Le projet de recherche a été poursuivi avec TDIE et a mis en évidence la nécessité d’aménagements logistiques pour les collectivités territoriales. « Cela a entraîné que la logistique soit incluse dans les SRADDET. Il y a eu ici une continuité entre les travaux de la recherche et la réalité suite à l’intervention d’un intermédiaire ».
Pour Antoine Frémont : « Il faut comprendre que la valeur ajoutée d’un programme de recherche est liée à la neutralité du chercheur qui n’est pas pour ou contre un intérêt particulier. Un chercheur éclaire les différents acteurs de manière libre, ce qui est très différent d’un bureau d’étude qui travaille pour un commanditaire. Cette liberté du chercheur peut faire peur à des acteurs économiques, à des administrations mais elle source d’innovation et d’émergence d’idées nouvelles ».
Les ports d’Anvers et Rotterdam l’ont bien compris qui associent leurs universités respectives aux groupes de réflexion portuaires.

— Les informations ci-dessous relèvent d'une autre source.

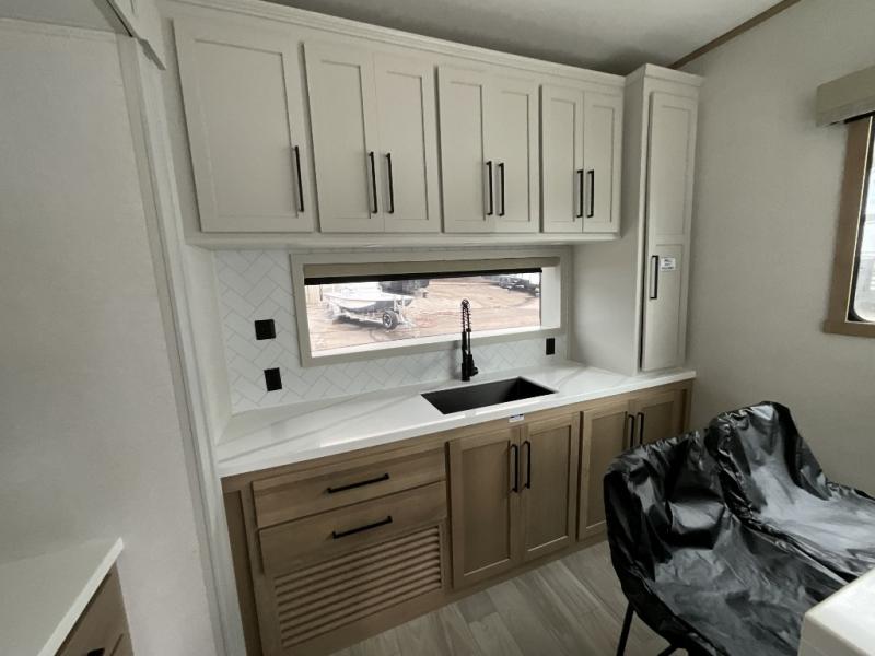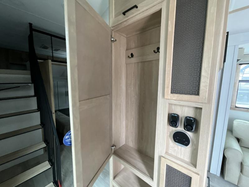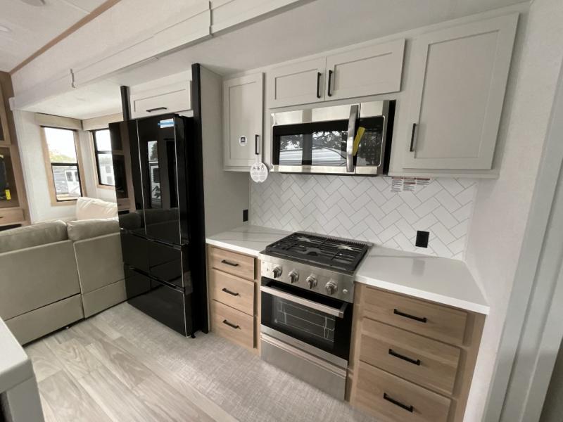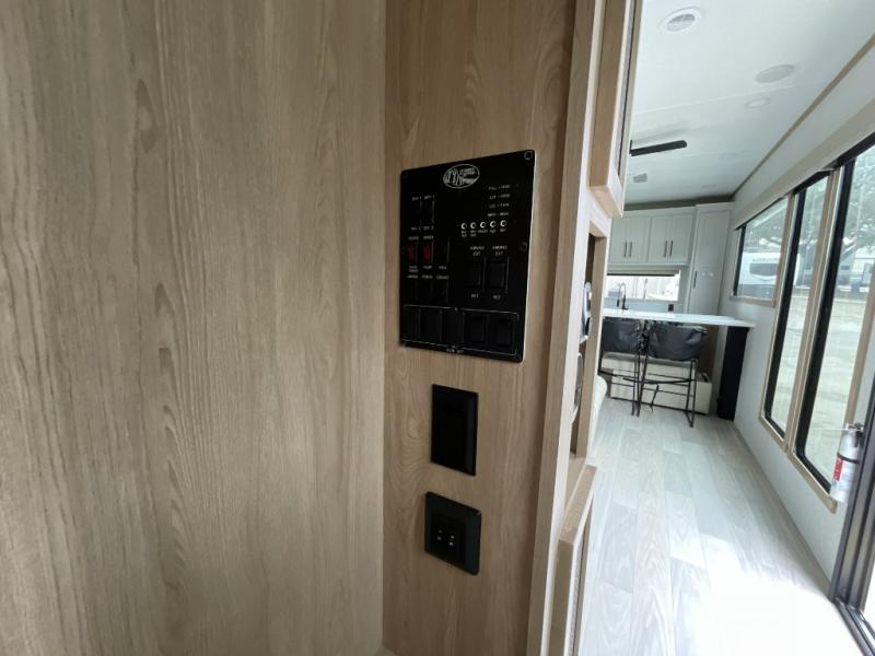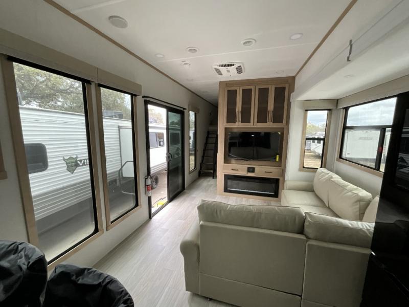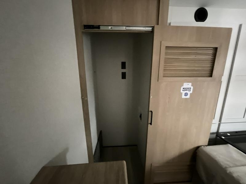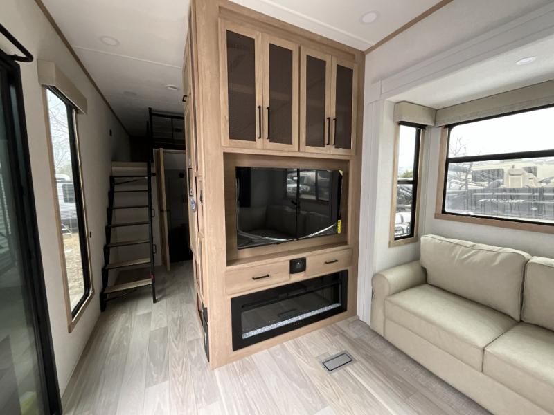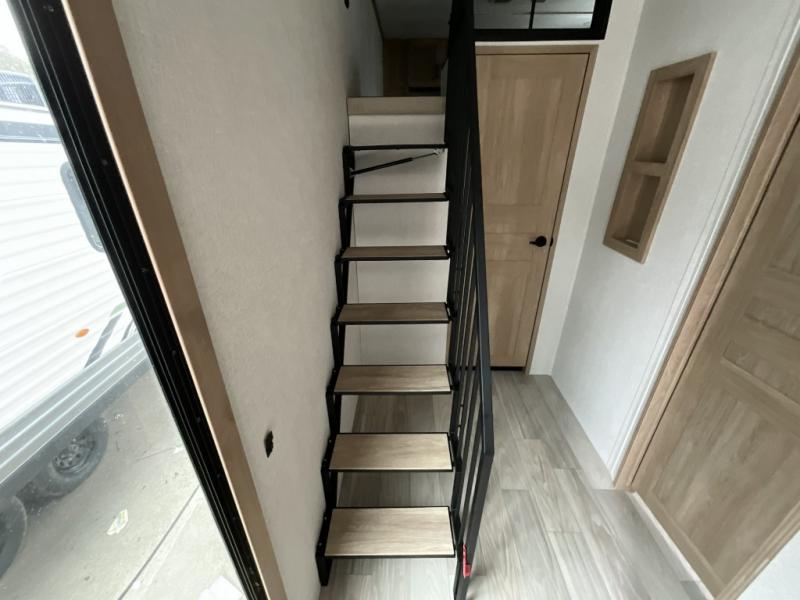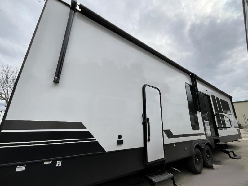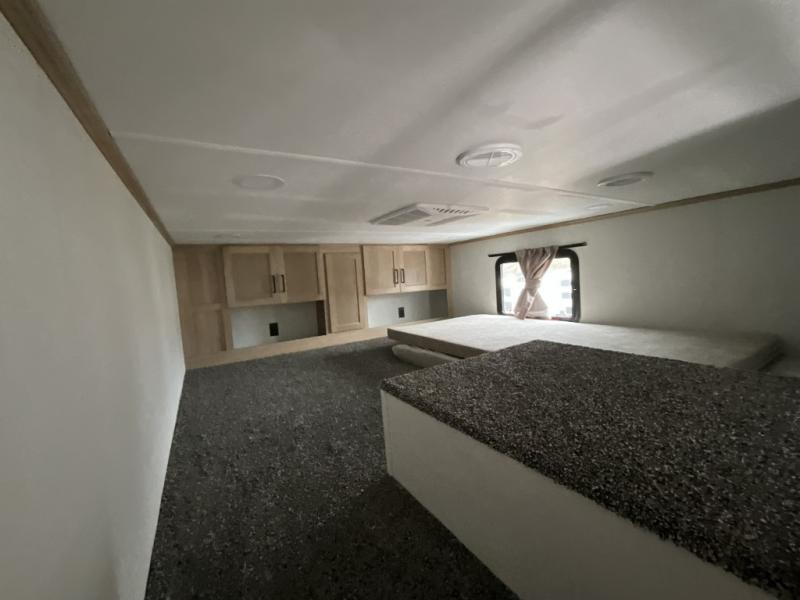 This incredible destination trailer has everything you need to live life to the fullest. Imagine retreating to a peaceful rear bedroom, complete with a king bed slide, spacious wardrobe, plus a closet with washer and dryer prep. Unwind and pamper yourself in style in the incredible full bathroom, featuring a linen closet, medicine cabinets, and a fiberglass shower with a seat. The living room is the heart of the home, boasting a comfortable sectional sofa, ottoman, and entertainment center perfect for gathering with family or friends and creating unforgettable memories. The loft is a cozy retreat for kids or guests, featuring two bunk mats, and a dual wardrobe/bookcases for their things. The front kitchen has a 19 cu. ft. refrigerator, overhead cabinet, microwave, three-burner cooktop, and free-standing dinette with a waterfall edge, and the pantry provides ample storage for all your favorite foods. Finally, step outside and enjoy the shade and protection of the two awnings and the two entry and two exit doors will make it easy to come and go.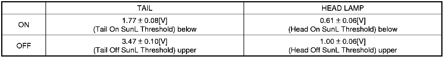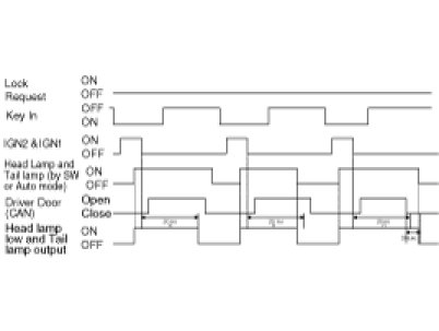 In the state of IGN1 ON and IGN2 ON, when MULTI FUNCTION switch module detects AUTO LIGHT switch ON, TAIL LAMP RELAY output and HEAD LAMP LOW RELAY output are controlled according to AUTO LIGHT Sensor's INPUT. In the state of IGN1 ON, when MULTI FUNCTION switch module detects AUTO LIGHT switch ON, TAIL LAMP RELAY output is controlled according to AUTO LIGHT Sensor's INPUT.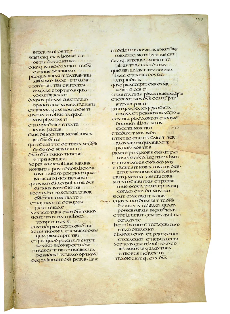 Folio of the Codex Amiatinus, the oldest surviving complete Latin Vulgate manuscript, made c. 700 AD at the twin Northumbrian monasteries of Monkwearmouth and Jarrow under Abbot Ceolfrith. Approximately corresponds to Joshua 6 in Vulgate book order. The page shows the actual eighth-century insular-uncial script as it would have been read by the monks who produced it for Pope Gregory II.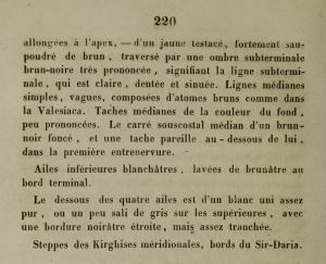 - Erstbeschreibung: Eversmann, [E.] (1856): Les noctuélites de la Russie. — Bulletin de la Société Impériale des Naturalistes de Moscou 29 (2): 161-233, pl. I-III.
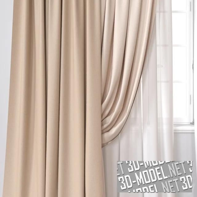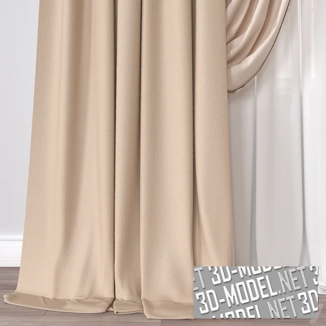 Комплект классических штор в кремовых тонах. Полотна переднего плана выполнены из тканей двух тонов кремового цвета - темные по краям, а светлые внутри. Внутренние полотна подхвачены в нижней трети и мягкими складками создают рисунок кулис. На втором слое висят два полотна белых полупрозрачных гардин.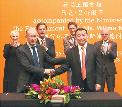 2015年3月25日,正值北京银行与ING集团签订引资协议十周年之际,双方续签战略合作协议。右二为北京银行董事长闫冰竹。资料图片

5 propositions pour une « feuille de route recherches portuaires »
Les travaux menés depuis le printemps 2020, réalisation de cartographies (voir plus haut) et d’une enquête auprès de chercheurs a permis d’élaborer une « feuille de route recherches portuaires », a précisé Eric Foulquier. Elle comprend 5 propositions :
- Créer un réseau de chercheurs qui mènent des recherches portuaires, sous la responsabilité du CNRS.
- Organiser un événement une ou deux par an pour faire se rencontrer les chercheurs et les décideurs portuaires mais aussi d’autres acteurs comme les élus, pour tenir compte des liens entre les ports, les villes, les territoires.
- Créer un fond spécifique de financement de la recherche portuaire en France.
- Militer pour intégrer les scientifiques dans les instances de gouvernance portuaire en France (sur le modèle de ce qui se fait ailleurs).
- Rédiger un « Livre blanc » qui serait un bilan des travaux menés depuis le printemps 2020 autour de la recherche portuaire en France et comment améliorer les échanges entre les acteurs des mondes de la recherche et des ports.
Le tout dans le contexte de la stratégie nationale portuaire à venir et pour atteindre l’objectif qui lui est fixé « passer à une stratégie offensive de reconquête de parts de marché pour les ports français par rapport aux concurrents étrangers », selon la ministre de la mer.
Le premier webinaire des Assises du port du futur a eu lieu le 17 novembre 2020), le troisième se déroule le 19 novembre 2020 autour du thème « l’innovation portuaire en grand et petit format.